Problem description: Although pictures appear in the entries below, leave them out and print exactly the lines from the first line through the line containing "Clinical signs vary".

--- Records supplied Enclosed Below ---

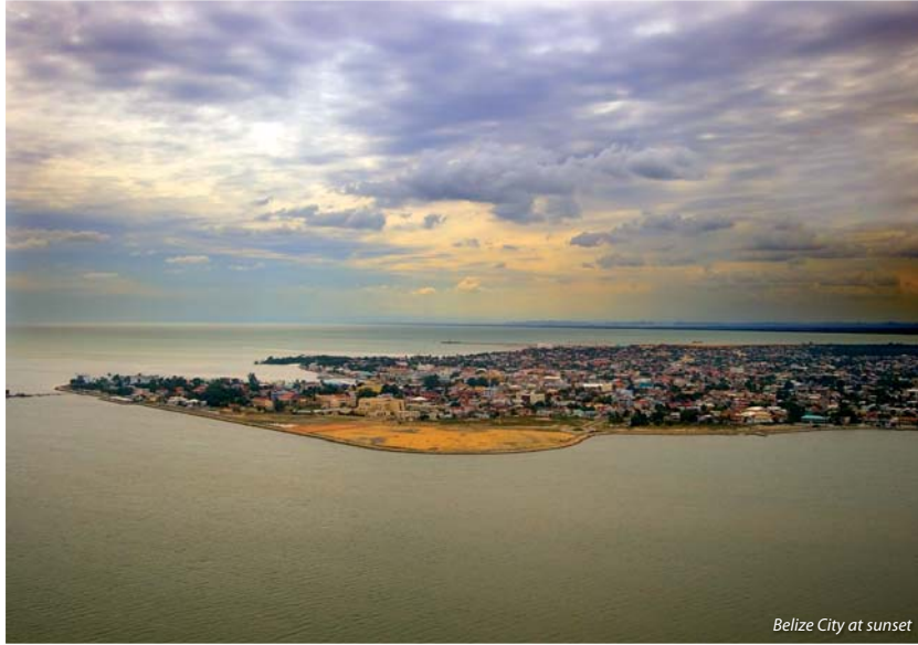
Belize City at sunset

The dive operators in Belize are working to create a unified standard and high level of training for divemasters and boat captains. Personalized service is also coming to the fore. Thus, the chances of getting a poor or unsafe service are much less than they were a decade ago, but it's still your hard-earned holiday time and money. Get satisfactory answers about the operation you are planning to dive with, including the type of equipment, boat, and its maintenance, the divemasters, insurance coverage, cost of diving, ratio of divemasters and divers in the water, details of the travel agent you are booking with and any other details that may be important.
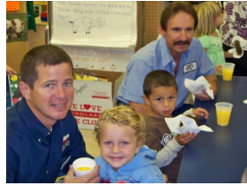
Purcell Early Learning Center
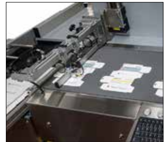
The high-precision vacuum transport that handles the carton contributes significantly to the excellent print quality and to the highest possible code grading and readability.
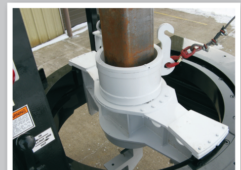
51" heavy duty turntable

Tandem axle truck, trailer, skid, or track mounted • Customizing obtainable
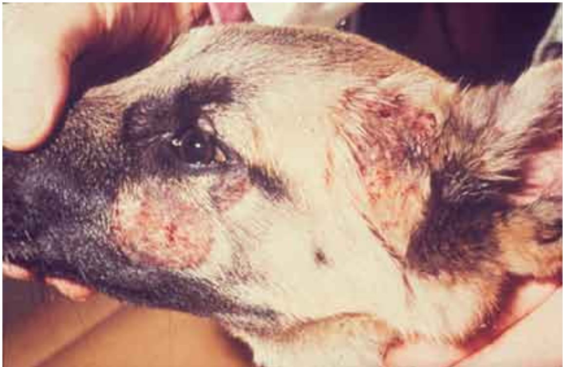
Figure 8. Early single ringworm lesions.

Clinical signs vary from asymptomatic carriage to a near complete alopecia in sick puppies. The classical sign of circular alopecia is not always evident and is more common in cats than dogs. In most dogs however close examination will reveal circular areas of hyperpigmentation. Whilst not diagnostic this is suggestive of ringworm. Discussions with owners may also reveal that the disease began with circular alopecia but then rapidly spread to generalised alopecia lesions.
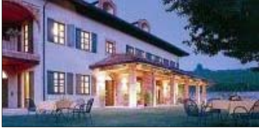
3* Villa Cascina Barac in Alba Producers of Dolcetto d'Alba & Barbaresco wines

Piedmont: This region produces some of Italy's best wines, including Barbera, Barolo, Dolcetto, Gavi and Brachetto. Located between the Alps and the Ligurian Sea, the Piedmont provides a good base for visits to the Cinque Terre and the Italian Lake District.

--- End of Enclosed Records supplied ---

The completed task:
Belize City at sunset

The dive operators in Belize are working to create a unified standard and high level of training for divemasters and boat captains. Personalized service is also coming to the fore. Thus, the chances of getting a poor or unsafe service are much less than they were a decade ago, but it's still your hard-earned holiday time and money. Get satisfactory answers about the operation you are planning to dive with, including the type of equipment, boat, and its maintenance, the divemasters, insurance coverage, cost of diving, ratio of divemasters and divers in the water, details of the travel agent you are booking with and any other details that may be important.
Purcell Early Learning Center
The high-precision vacuum transport that handles the carton contributes significantly to the excellent print quality and to the highest possible code grading and readability.
51" heavy duty turntable

Tandem axle truck, trailer, skid, or track mounted • Customizing obtainable
Figure 8. Early single ringworm lesions.

Clinical signs vary from asymptomatic carriage to a near complete alopecia in sick puppies. The classical sign of circular alopecia is not always evident and is more common in cats than dogs. In most dogs however close examination will reveal circular areas of hyperpigmentation. Whilst not diagnostic this is suggestive of ringworm. Discussions with owners may also reveal that the disease began with circular alopecia but then rapidly spread to generalised alopecia lesions.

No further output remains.